The Story of Liverpool's St. George's Quarter ~ the wonderful cultural palaces that are open to the public around William Brown Street and St George's Hall in particular: This talk takes the form of a beautifully illustrated, virtual guided tour around the very special buildings of the Quarter, and of St John's Memorial Gardens, including The World Museum; Central Library; and the Walker Art Gallery. The tour ends with a full tour of St George's Hall, after which the Quarter is named.
St George's Hall is the focal point of this part of the City Centre of Liverpool. This, and the other buildings that surround it, have been described as being ‘The best example of Neo-classical architecture in Europe’. These stunning buildings represent the artistic, cultural life, and aspirations of Liverpool: This entire area is truly the ‘Heart of Art’ in Liverpool.
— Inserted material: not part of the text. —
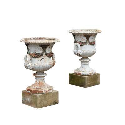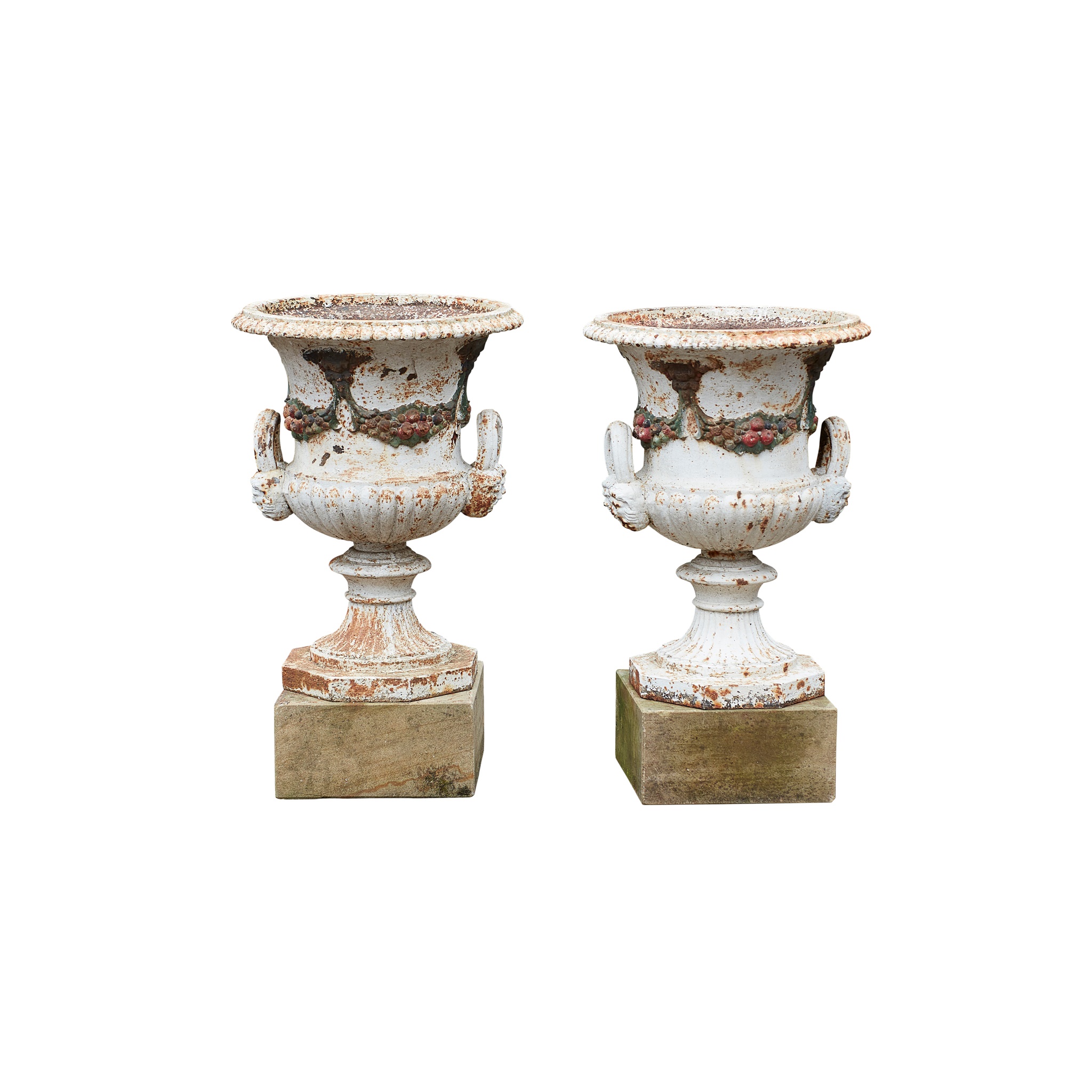 PAIR OF WHITE AND POLYCHROME PAINTED CAST IRON URNS

In this talk Ken gives you a virtual tour through all the wonderful buildings of what has now been named ‘The St George’s Quarter’, and tells their fascinating history. Learn about each of the wonderful places, especially the Hall, and the roles that they perform today in Liverpool's modern life. He will also introduce you to the Hall's The ‘Father Willis’ organ, and its ‘scandalous’ panels, as well as the four great lions and the cenotaph on St George's Plateau.
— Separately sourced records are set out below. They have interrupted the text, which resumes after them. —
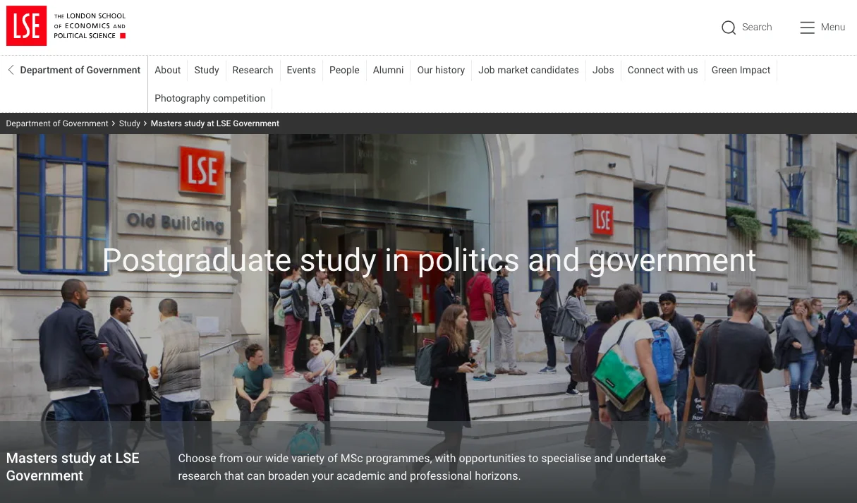 LSE政治学院提供7个硕士项目,包括:政治学(Political Science)、政治理论(Political Theory)、公共政策和管理(Political Policy and Administration)、政治规章(Regulations),其中政治学又细分为冲突研究和比较政治(Conflict Studies and Comparative Politics)、国际政治(Global Politics)、政治学与政治经济(Political Science and Political Economy)和政治行为学(Political Behaviour)。
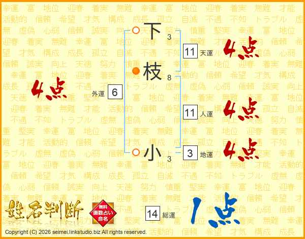 下枝小さんの総運は14画の1点!
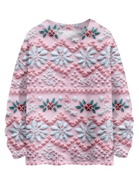 Christmas 3D Light Pink Mosaic Print Sweatshirt

Learn also, about the Steble Fountain and about young William Masters, who became Gordon Stretton a world-renowned Jazz musician, and whose life began in the slums of Liverpool. Discover the tunnel that leads to the spiral staircase up to the Wellington Column. Hear about the haunted, underground, 'lost street', of Lime Street, and about Indiana Jones, Hitler, Batman, and the Peaky Blinders who, amongst many others, came to St George's Plateau.
As an added bonus, Ken will guide you through 'The Boneyard', the curiopus nickname for the beautiful St John’s memorial gardens that stand behind the Hall, at the centre of the Quarter. Find out about the statues in the gardens and who they commemorate.
A wonderful tour around one of the 'Jewels in Liverpool's Crown'.